SAN DIEGO, Calif. — A pill used for over two decades to treat the flu may soon find a new job — curing sepsis. Researchers in California say Tamiflu helps fight off the deadly infection by boosting the immune system. The discovery is especially important now, as sepsis is one of the major complications of COVID-19 infections.
Experiments in humans and mice suggest the common prescription medication improves survival chances. Another repurposed drug for preventing secondary heart attacks, the blood thinner Brilinta, also proved just as effective. The study finds these medications stop protective blood cells from dying. They may work better than antibiotics for a condition that the CDC says affects 1.7 million American adults each year.
“In many cases, the antibiotics we give these patients should be able to kill the bacteria, based on lab tests, yet a significant number of patients are not pulling through,” says senior author Professor Victor Nizet from the University of California-San Diego in a release.
“If we can reduce mortality in staph sepsis by 10 or 20 percent by arming or protecting the immune system, we can likely save more lives than discovering an additional new antibiotic that may still not cure the sickest patients.”
What triggers sepsis in patients?
Staph bacteria, or Staphylococcus aureus, causes the bloodstream infection. This antibiotic-resistant germ can be found on the skin of about one in four people right now.
If it enters the body through damaged skin, it can trigger severe illness or death in a third of cases. Last year, researchers discovered sepsis, or blood poisoning, was responsible for one in five deaths globally — more than cancer.

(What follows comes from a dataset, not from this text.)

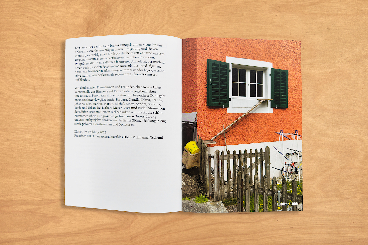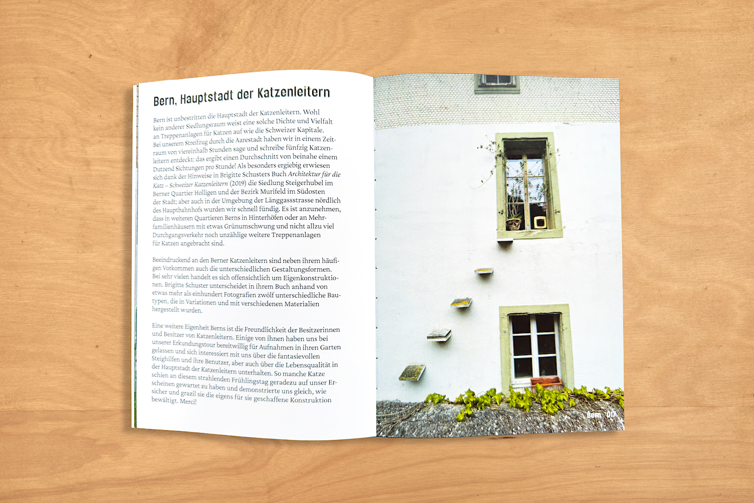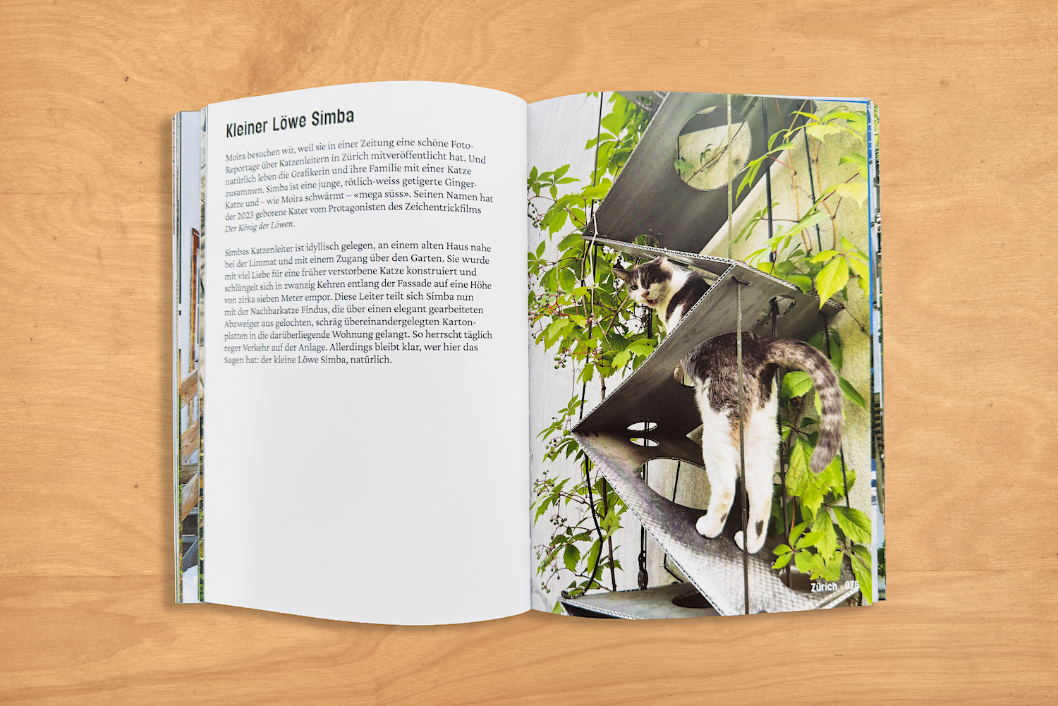 Der Fotograf Francisco PACO Carrascosa und der Kunsthistoriker Matthias Oberli haben sich in der ganzen Schweiz auf die Suche nach solchen Alltagsobjekten gemacht und diese im Bild festgehalten. Sie haben Besitzerinnen und Besitzer von Katzenleitern wie auch deren Konstrukteure befragt und sich nach den Gewohnheiten der Tiere im Umgang mit den Steighilfen erkundigt. Entstanden ist dadurch ein breites Panoptikum an Eindrücken, die der Grafiker Emanuel Tschumi zu einem visuellen Erlebnis verarbeitet hat.

The U.S. Food and Drug Administration approved Tamiflu (which also comes in liquid form) for use in 1999. Brilinta has been available to patients for the last decade. Study authors say they potentially hold the key to combating a health crisis, fueled by resistance to antibiotics.
Sepsis is among the worst problems facing intensive care patients. One in three who die in a hospital have these infections. It occurs when the body responds extremely to an infection, wrecking the immune system. High doses of antibiotics often fail to work.
Blood platelets hold the key to stopping infections
Prof. Nizet and the team discovered a battle occurs between staph bugs and platelets, cells that clot the blood. Levels plummet if the bacteria wins. A study of 49 staph sepsis patients in the U.S. revealed those with fewer platelets are more likely to die.
Study authors collected blood and bacteria samples, along with demographic and health information. Surprisingly, the results show outcomes did not have a link to the immune system’s white blood cell counts. It did however tie into the number of platelets.
Low counts, defined as fewer than 100,000 per cubic millimeter of blood, increased the risk of death. Roughly one-third (31%) died, compared to fewer than six percent of those with platelet counts above that threshold. Tests also showed platelets secrete antimicrobial peptides that help destroy bacteria. At the same time, the staph releases an alpha-toxin that harms platelets.
In addition to poking holes in the blood cells, it convinces them to produce an enzyme that trims off sugar molecules that cover the cell’s surface. Another molecule in the liver, the Ashwell-Morell receptor, recognizes the platelet’s new look and pulls “bald” platelets out of circulation.
Mouse models of the disease identified the two drugs that “tip the balance” back in favor of the patient. Brilinta blocked the alpha-toxin so it can’t injure platelets or stimulate its sugar-removing enzyme. Tamiflu inhibits the latter so the cells don’t go bald and aren’t cleared by the liver — even when the alpha-toxin is around.
Finding new answers in old medications
Either medication maintained more platelets and reduced blood bacteria in the mice. About 60 percent survived their infection, compared to just 20 percent of untreated mice. In humans, side-effects can include nausea, diarrhea, and bleeding. Safety and efficacy trials for patients with staph sepsis would be ideal.
Study authors note that there’s little financial incentive for pharmaceutical companies to develop new treatments with profitable drugs already available. However, repurposing commercially available therapies for sepsis, which can be caused by several other types of bacteria, has many advantages.
“Discovering a new drug is tremendously expensive and takes many, many years,” Prof. Nizet concludes. “But if we look around at what we already have, what we already know to be safe, we may find many opportunities to improve patient outcomes.”
The findings appear in the journal Science Translational Medicine.
SWNS writer Mark Waghorn contributed to this report.